The invention provides a method for producing lithium manganate. The method comprises the following steps of: mixing electrolytic manganese dioxide and a lithium-containing compound by adopting a dry method, wherein a molar ratio of Mn:Li is 2:1.08; heating the mixed raw materials to the temperature of 550-650 DEG C, and keeping the temperature for 1-2 hours; adding an adhesive into the pre-sintered materials, pressing the materials into blocks by using a roller press, cutting the blocks into the required size according to the size of a burning plate, thus obtaining material blocks to be burned; stacking the blocks on the burning plate, sintering the blocks in a calcining kiln, wherein the sintering temperature is 750-850 DEG C; keeping the temperature for 3-5 hours, naturally reducing the temperature, and finishing the sintering process; and finally, crushing the blocks by adopting a rolling machine, thus obtaining a finished product.
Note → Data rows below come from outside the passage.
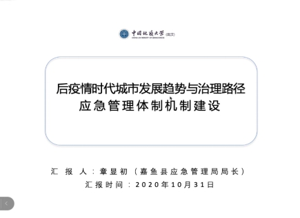 章显初局长结合自身工作经验,围绕“应急管理体制机制建设”,阐述了后疫情时代湖北省应急管理现状,从人员、机制、权责体系等方面对其存在的问题进行深入剖析,并提出有针对性的建议,为后疫情时代城市应急管理体制机制的建设提供重要参考。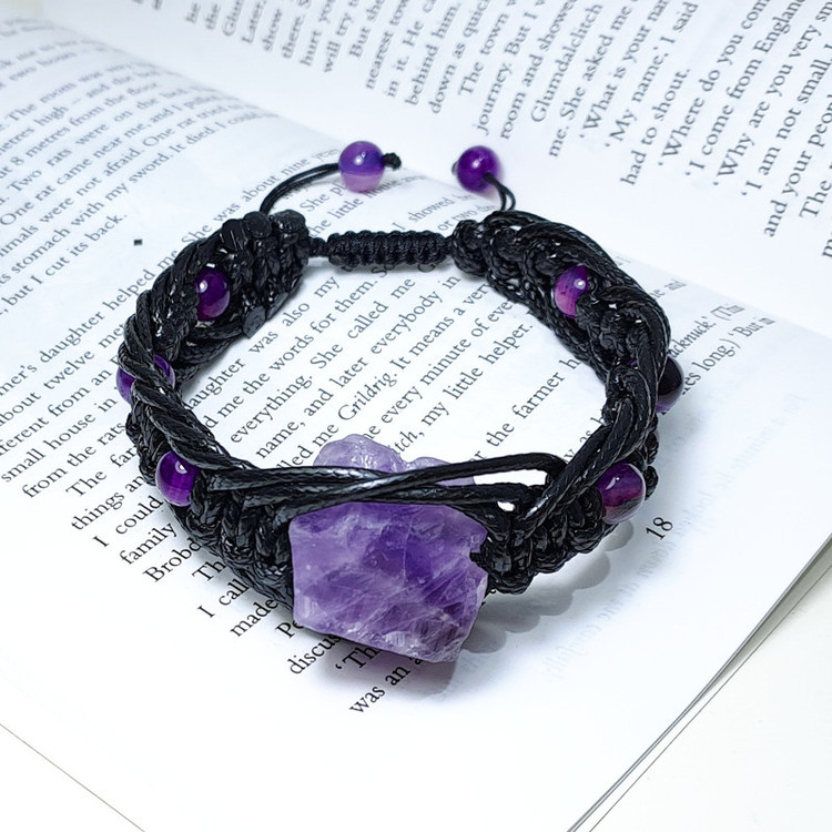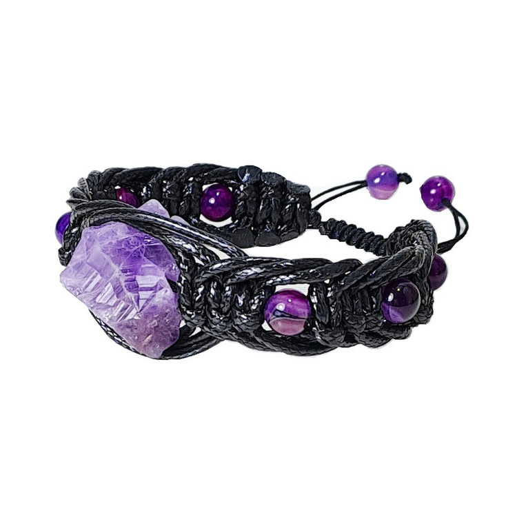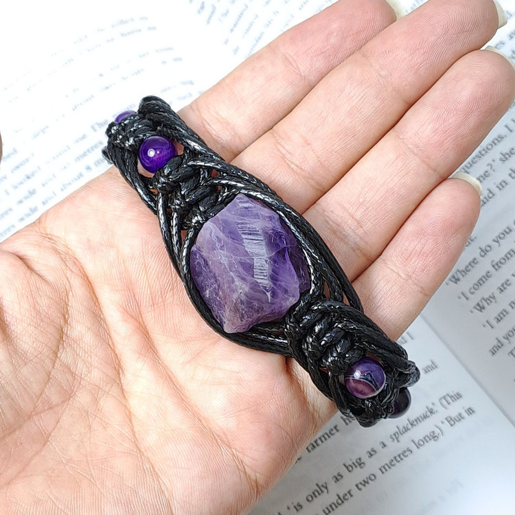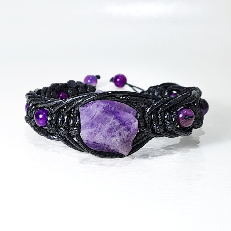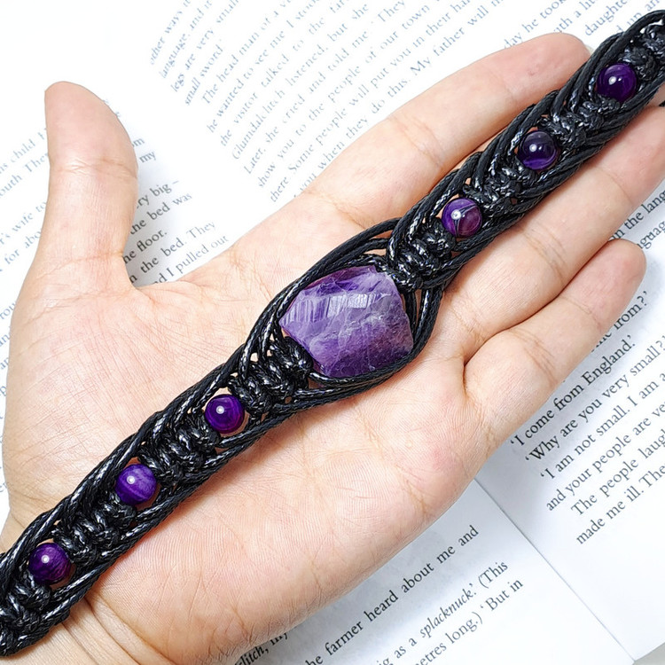 دستبند مردانه از راف آمیتیست حدود 15 گرم و سنگ های عقیق بهسازی رنگ شده سایز8 درست شده است. در این دستبند برای زیبایی بیشتر از چرم مصنوعی رنگ مشکی به صورت بافت تیغ ماهی استفاده شده است. این دستبند مناسب مچ دست سایز 19 تا 25 سانتی متر است.
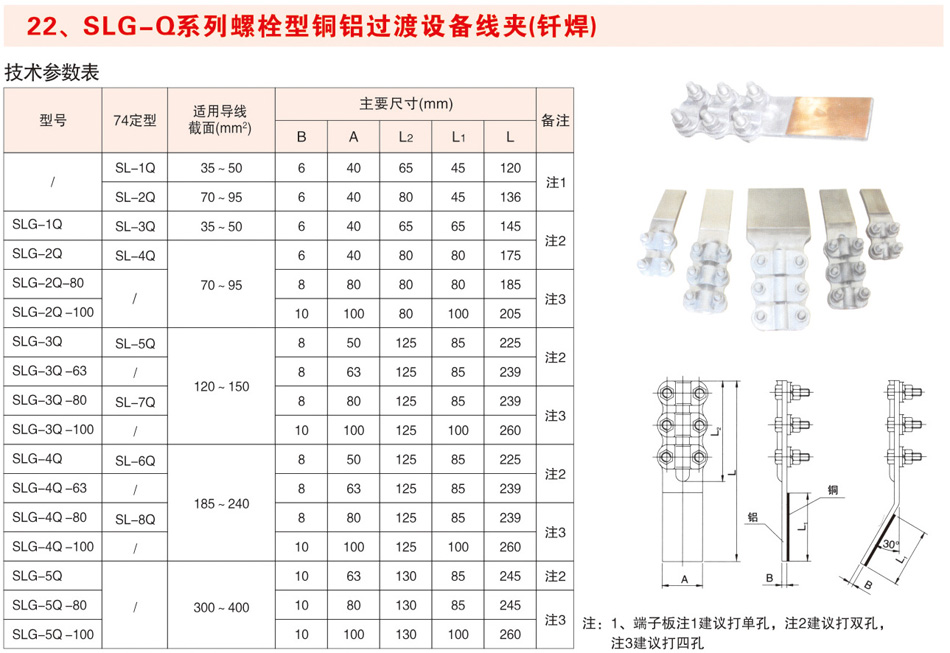 SLG-Q系列螺栓型铜铝过渡设备线夹(钎焊)

The lithium manganate material is pressed and sintered, relevant parameters in the preparation process are optimized, the sintering time of the lithium manganate is shortened, lithium volatilization in the sintering process is reduced, the resources and material cost are saved, and the yield is increased.

The invention provides a graphene / polyaniline / sulfur composite material and a preparation method thereof, a lithium sulfur battery cathode and a lithium sulfur battery. The graphene / polyaniline / sulfur composite material takes polyaniline / sulfur nano-particles as base bodies and packages and reduces graphene nanosheets in situ. The graphene / polyaniline / sulfur composite cathode material preparation method comprises preparing polyaniline / sulfur nano-particles, carrying out oxidation grapheme package to the polyaniline / sulfur nano-particles, carrying out water heat treatment to the packaged material. The lithium sulfur battery cathode and the lithium sulfur battery all contain the graphene packaged polyaniline / sulfur composite cathode material which endows good cycle performance and rate capability to the lithium sulfur battery. The graphene / polyaniline / sulfur composite cathode material has excellent conductivity and structure stability, is simple in preparation method and is suitable for industrial production.

The invention provides a preparation method of an electrode plate, the electrode plate and a secondary battery, and the preparation method comprises the following steps: S1, mixing and dispersing an electrode active material, a binder, a conductive agent and a solvent to prepare slurry with the solid content of 30-90%; s2, concentrated solvent removal is conducted on the slurry obtained in the step S1, and powder with the solid content being 90% or above is obtained; and S3, pressing the powder obtained in the step S2 to at least one surface of a current collector through dry-method compounding equipment to obtain the electrode plate. Compared with the prior art, the preparation method provided by the invention adopts a dry-wet combined process to prepare the thick electrode, ensures that the slurry is uniformly dispersed on the current collector, and greatly reduces the transmission difference between electrons and ions, thereby ensuring the capacity and rate capability of the battery.